I want to be able to understand what is happening in the cost function, the thing I don't really understand about the cost function is the summation ($\sum$), I don't know what it means.
Can someone help me?
Thank you.
Firstly, this is a Sigma $\sum$ denoting a sum and not an epsilon ($\epsilon$). The two symbols are used in two different contexts in maths, and the $\epsilon-\delta$ tag isn't applicable to your question.
In simple terms, we are given the set of data points $D:= \{ (x_i,y_i),\forall 1\leq i\leq n \} $. Our job is to find the best-fit line to the data. If you have ever plotted a scatter diagram of the data and told yourself "The points roughly fall in a straight line", that's exactly what we are doing here.
The hypothesis function $H_\theta(x):=\theta_0 + \theta_1 x$ defines a straight line.
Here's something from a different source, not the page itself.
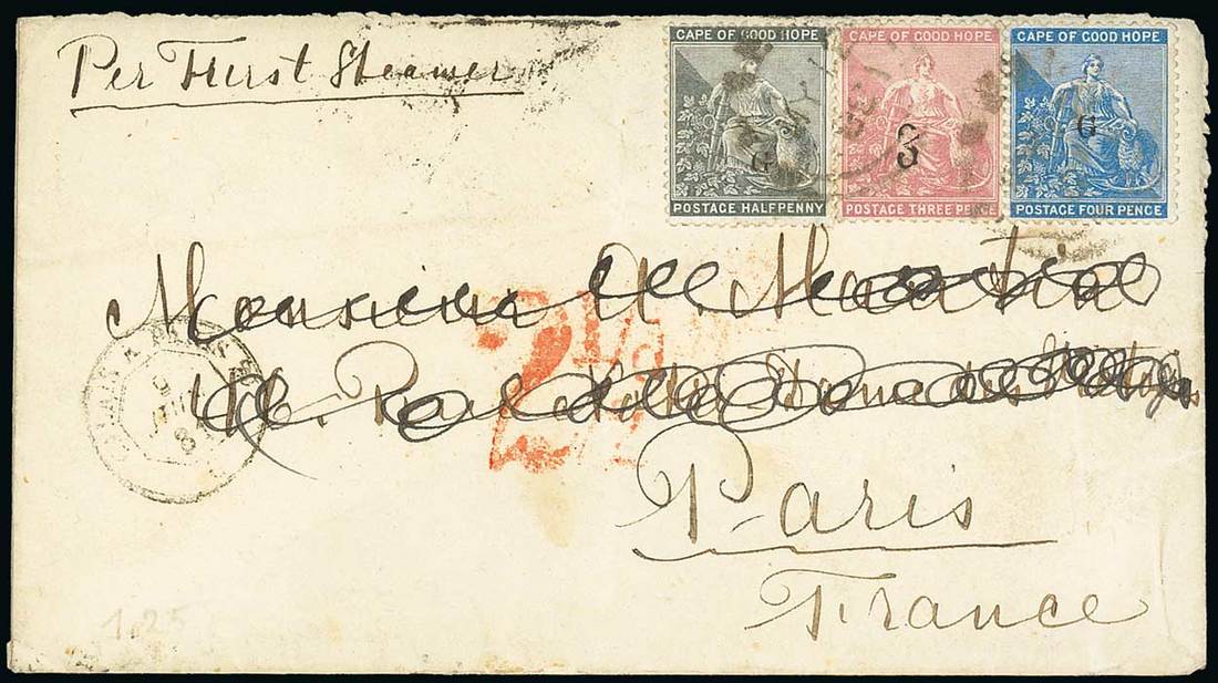 1881 (12 May) envelope from Kimberley "Per First Steamer" to Paris, bearing 1878 Type 15 ½d, 1879 Type 17 4d. and Cape 1880 Type 11 "3" on 3d. pale dull rose showing defective typeface (constant on [56] of the overprint setting) twice cancelled with double-arc datestamps, showing "2½d" accountancy handstamp in red and with Calais-Paris T.P.O. datestamp at left, Cape Town and London (9.6) datestamps on reverse; part of address deleted though not unattractive and an unusual mixed-colony franking carried on the Garth Castle from Cape Town on 17 May. Photo

There are infinitely many straight lines that we can draw on the plane by varying the $\theta_1,\theta_0$. But, we want to draw only that straight line that best fits the data, similar to what you'd draw after looking at the scatter plot.
The $J$ function serves this purpose algorithmically. If it finds that the parameters $\theta_0,\theta_1$ are too far away from the correct hypothesis, it will give you a very large cost. Contrariwise, a correct hypothesis has a very small cost. You'll typically do this by minimizing the cost function wrt the $\theta$'s.